= Francesco Ticciati =

Italian composer

Francesco Ticciati (20 December 1893 – 10 February 1949) was an Italian composer, concert pianist, piano teacher and lecturer.

==Life==
Born in Rome, he studied at the Accademia Nazionale di Santa Cecilia, studying piano with Francesco Baiardi, conducting with Giacomo Sentaccuoli and composition with Ottorino Respighi.

Around the end of the First World War, Francesco came to England and in 1920 he married Maria Stierli, with whom he had a daughter, Maeve, and a son, Niso.

“On 21 September 1920 he played Mendelssohn's First Concerto, and on 9 October of the same year the Busoni transcription of Liszt's Rhapsodie espagnole, a week later making his recital debut at the Wigmore Hall; that programme contained favourite pieces he was still playing 20 years later - Bach's Italian Concerto, Beethoven's 'Waldstein' Sonata, Chopin's Cjt minor Scherzo, Berceuse, Fantasy- Impromptu and Al> Polonaise, and the three of Liszt's Paganini Etudes - Capriccio, La chasse, …[and] La campanella.”

On the first night of the 1921 Prom season, Francesco contributed with the Weber Konzertstück. He performed again on the 25 August and premiered his Poema gregoñano, "a three-movement concerto composed in London at the end of the previous year to show how the Gregorian tones, which look back to the ancient Greeks, could still be used." He continued to play at the Proms for many years to come, performing Beethoven’s ‘Emperor’ Concerto, Busoni’s Liszt transcription, and his own much-admired Poema gregoñano amongst others.

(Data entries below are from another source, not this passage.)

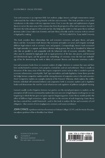 This book uses game theory to explain conflict between individual self-interested behavior and cooperation in economic markets, lawsuits, and legislative bodies. It demonstrates the need for social regulation in addition to free markets and judicial decisions in common law cases.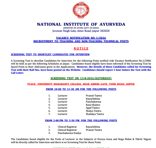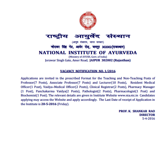 Vacancy for the post of Teaching and Non-Teaching Faculty at National Institute Of Ayurveda, Jaipur.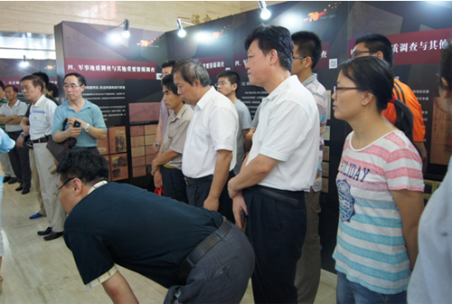 7月29日,资源所党委委员、副所长张佳文同志带领所内党员干部及部分职工约20余人参观了地调局举办的“纪念中国人民抗日战争暨世界反法西斯战争胜利70周年地质资料展”。 通过引导员翔实的讲解以及认真参观学习后,大家全方位、系统的从地质调查、矿产勘查开采的角度认识了我国地质工作和地质工作者为抗日战争胜利而做出的巨大贡献。新颖的视角、翔实的史料让参加展览的同志受到了一次深刻地爱国主义和革命传统教育。(党办 供稿)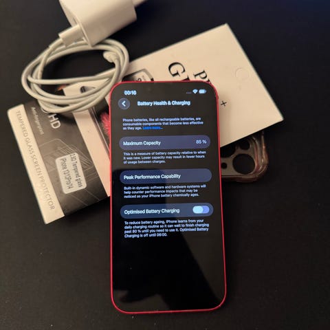 Laddare, sladd och hörlurar är alla original, det finns repor på skärmen, det är en ganska gammal telefon men den fungerar utan problem.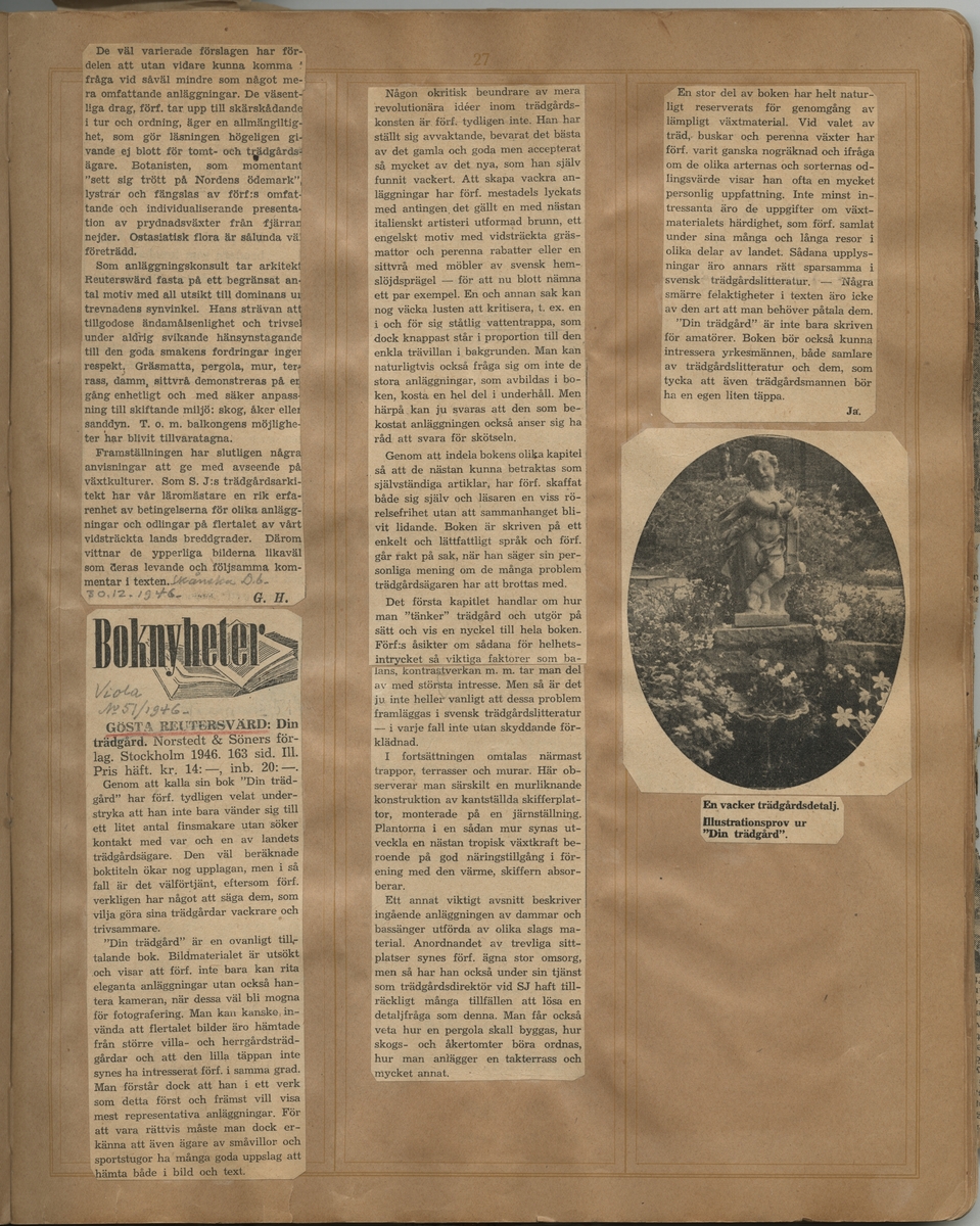 Tidningsklipp ur "Uppsatser om trädgårdar m.m. som på ett eller annat sätt beröra Gösta Reuterswärd. Samlade av Ernst Hj."

For a time he was music director at Teatro dei Piccolo (the famous Marionette company founded by Vittorio Podrecca in 1923). During this period he also made many powerful performances in England, including both as pianist and composer at Robert Newman’s Promenade Concerts at the Queen’s Hall, with Sir Henry Wood conducting.

In 1927 he formed a trio, The Philharmonic Trio, including the flautist Albert Fransella (1865–1935), later Robert Murchie (1884-1949) and Leon Goossens (1897–1988), for whom he composed a concerto that was later conducted by Sir Thomas Beecham in 1929. Other partners included Angel Grandi, Frida Dancyger and Manilo Di Veroli.

In January 1937 The Musical Times recorded him passing the written examination for Doctor of Music at London University, via Trinity College, his exercise was a Symphony in F.

Francesco became a British citizen in 1936, in 1942 he became a lecturer to the troops on music. The BBC proceeded to offer him a sizable retainer of £800 to cover all broadcasting he might wish to do, however, Francesco declined the offer, saying he needed more time for composing.

In his later years, he settled in Amersham, where he lived at The Music Studio, Chestnut Close, until he died in 1949. He was a prominent figure within the music crowd of Amersham, often teaching and giving talks.

In an article titled ‘The Birth of a Dynasty: Remembering Francesco Ticciati’ the writer Leo Black comments; ‘The name has been associated with art forms since the time of the sculptor and architect Girolamo Ticciati (1671–1744)

His son Niso Ticciati (1924–1972) was a composer and arranger, his grandchildren include the designer Giovanna Ticciati and his great-grandchildren include the violinist Hugo Ticciati and conductor Robin Ticciati. Robin Ticciati made his debut at The Proms as a conductor in 2010 at the age of 27.